My copy of Bargue’s copy of Holbein’s Portrait of Sir Thomas Elyot

This is my forth Bargue drawing done at the Toronto Academy of Realist Art. Students at the academy start by doing four Bargue copies before moving on to drawing from the cast, so this is my final Bargue drawing done at the academy.

Each Bargue drawing we do is of increasing complexity, so this one has a lot more subtle details than my first three Bargue drawings. The course is available in book form as the Charles Bargue and JeanLeon Gerome Drawing Course.

In those first drawings I copyied Bargue’s studies of casts/sculptures. This one is little special since his drawing is actually a copy of a Hans Holbein drawing. So my drawing is a copy of a copy.

Close-up

My first Bargue drawings were done with graphite pencils, while I used Carbon pencils for one. Carbon is a bit like a mix between drawing with graphite and charcoal. It is trickier to handle as it is somewhat waxy and almost un-erasable. But handled correctly the dark tones will be richer and deeper with carbon compared to graphite.

My drawing (left) executed at a larger scale beside the lithograph by Charles Bargue.

As part of increasing the compexity of the task for the fourth and final Bargue drawing at the Academy of Realist Art students also have to enlarge the drawing they are copying. This makes it more challenging to keep all the proportions correct, as compared to when drawing at the same scale in the first three Bargue copies.
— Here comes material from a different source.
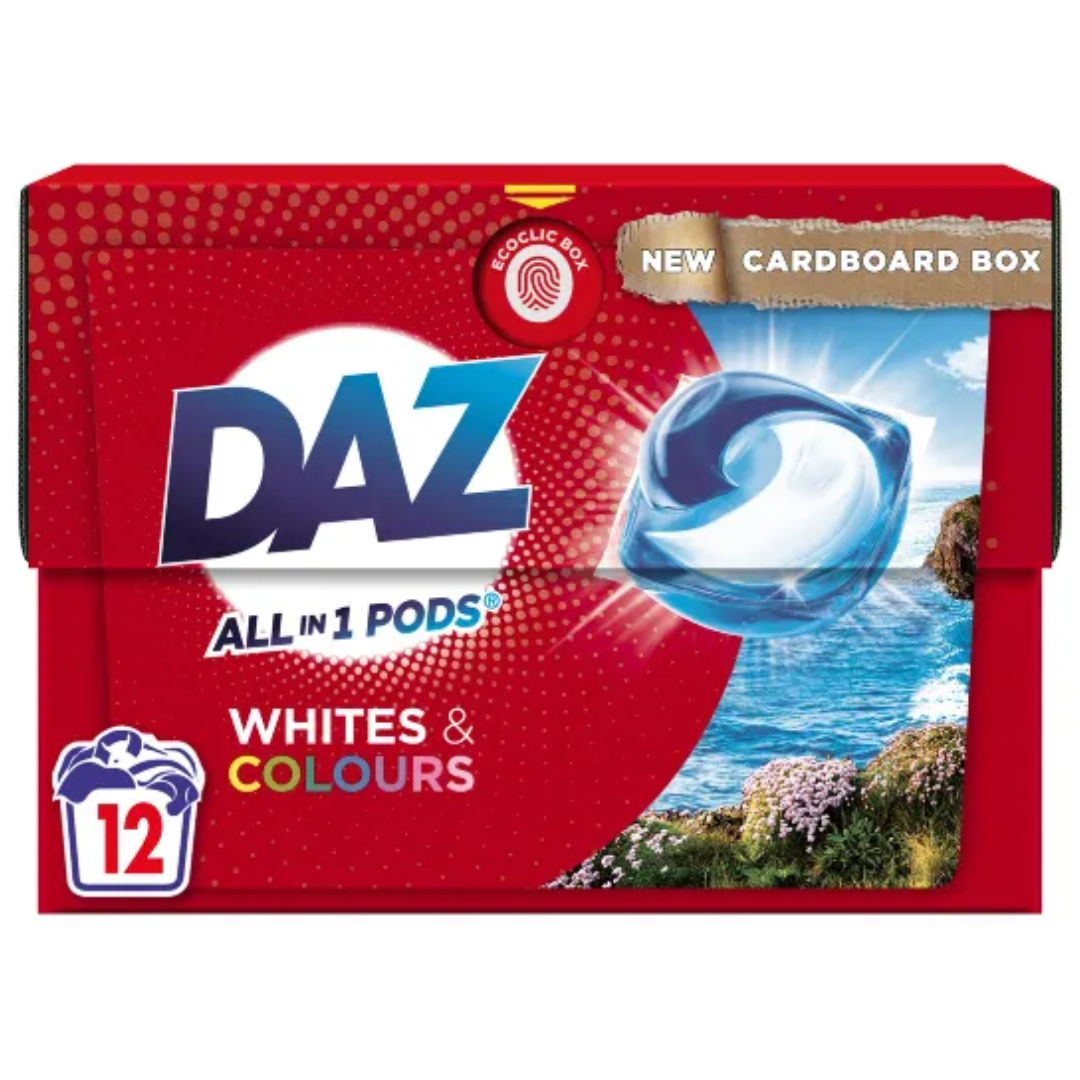 Get brilliantly clean clothes with Daz 12W Laundry Liquid Pods. Designed for 12 powerful washes, these convenient pods remove tough stains while leaving your laundry smelling fresh. Perfect for all fabrics!

(The drawing is plate II, 19 in the Charles Bargue Drawing Course. It is only a small picture in the drawing course book, but the academy had an original lithograph of the drawing.)

The Hans Holbein original

This is what the original Hans Holbein the Younger portrait of Thomas Elyot looks like (The portrait is part of the Royal Collection at Windsor Castle in England):

Sir Thomas Elyot by Hans Holbein the Younger. Source: Wikimedia Commons.

From what I can tell “Elyot” is the correct spelling of the name and I don’t know why Holbein wrote it as “Eliott”. In his portait of Thomas Elyot’s wife, he uses the spelling “Eliot”. So he changed it, but it seems like he got it wrong both times.